## MATERIAL PROVIDED
______________________________
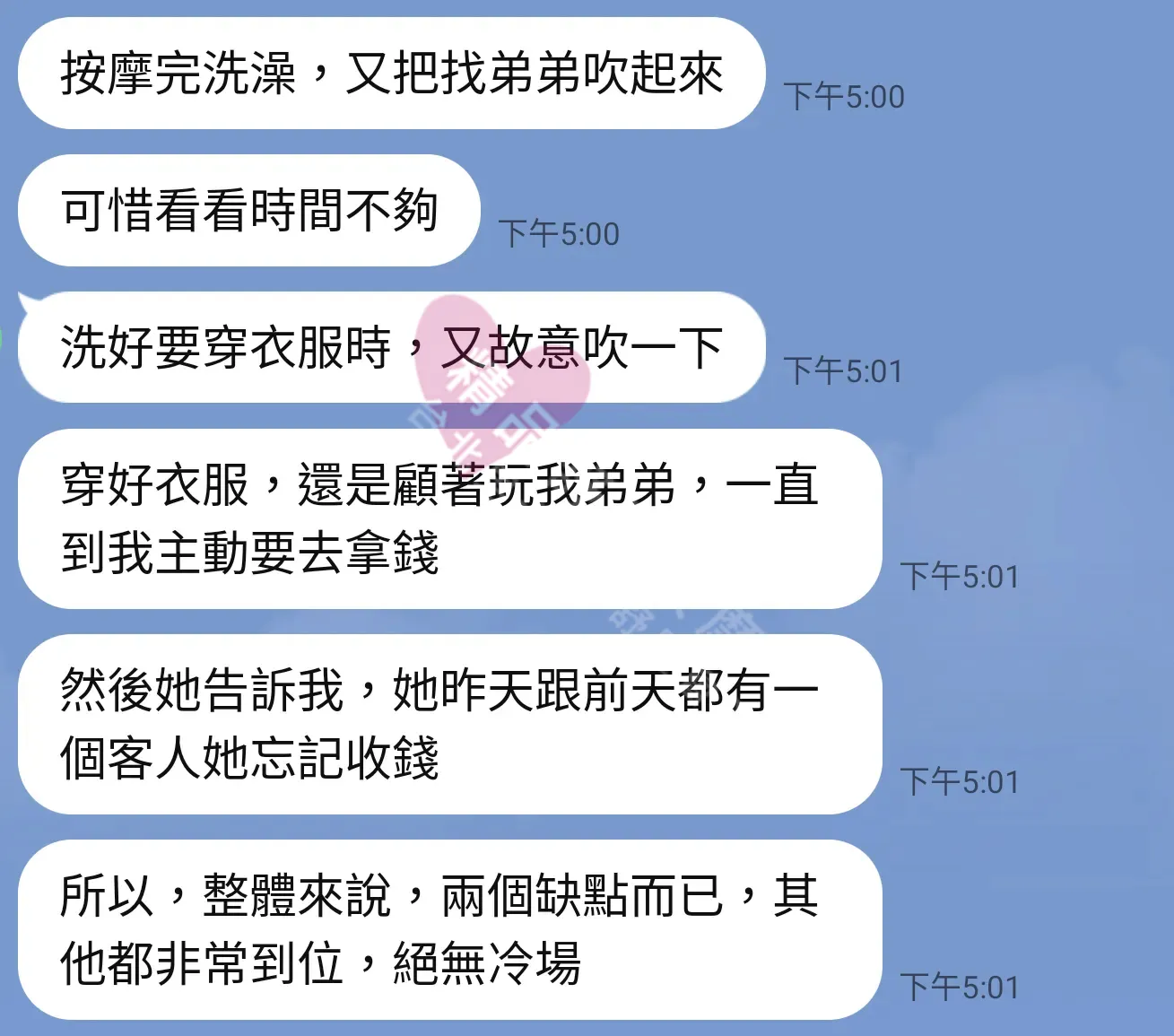 美容師都很有禮貌,先幫你背部按摩聊聊天,前戲會開始調情輕功,再來就是重點部位的加強。如果預算,也可以跟美容師聊聊加值服務,放心問都有機會。精品舒壓期待每位客人每次來舒壓都有個Happy Ending!
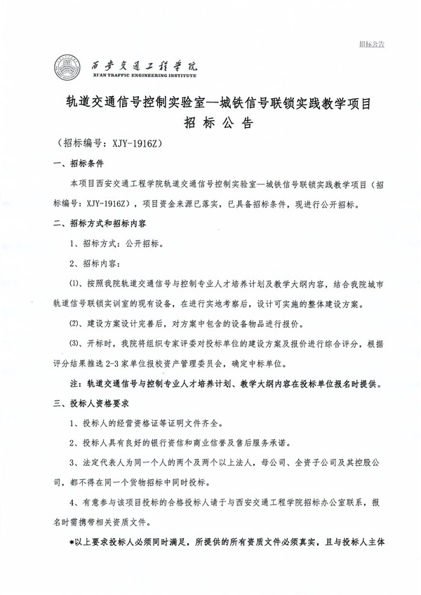 开云kaiyun官方网站轨道交通信号控制实验室—城铁信号联锁实践教学项目招标公告
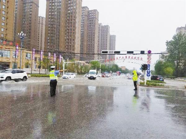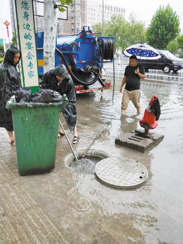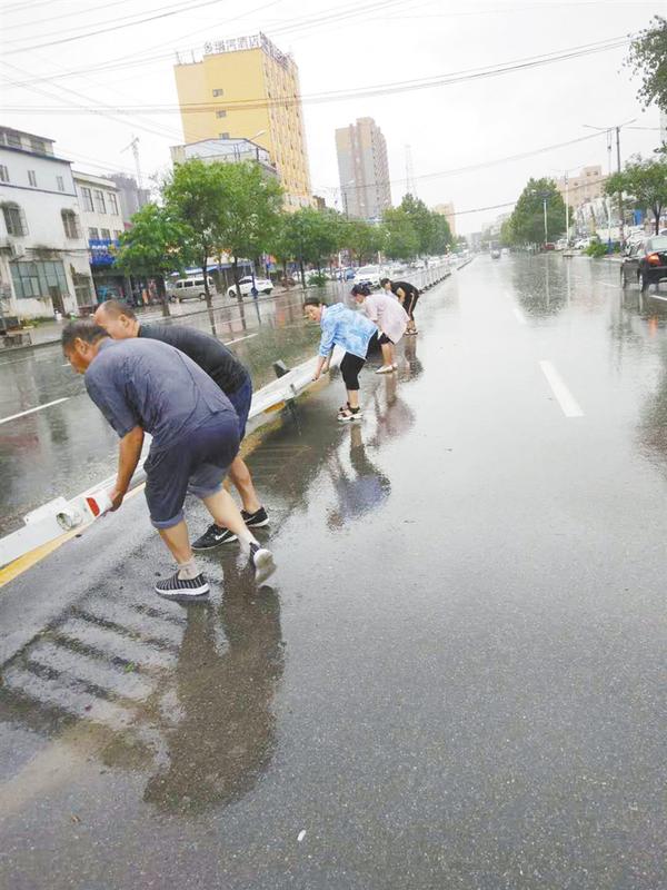 图三为水利、交通、城管等工作人员冒雨排涝。
______________________________
## PROBLEM TO WORK ON
Leave out every picture and copy verbatim the lines running from the line containing "开云kaiyun官方网站轨道" through the final line of the data.

## SOLUTION TO THE EXERCISE
 开云kaiyun官方网站轨道交通信号控制实验室—城铁信号联锁实践教学项目招标公告
 图三为水利、交通、城管等工作人员冒雨排涝。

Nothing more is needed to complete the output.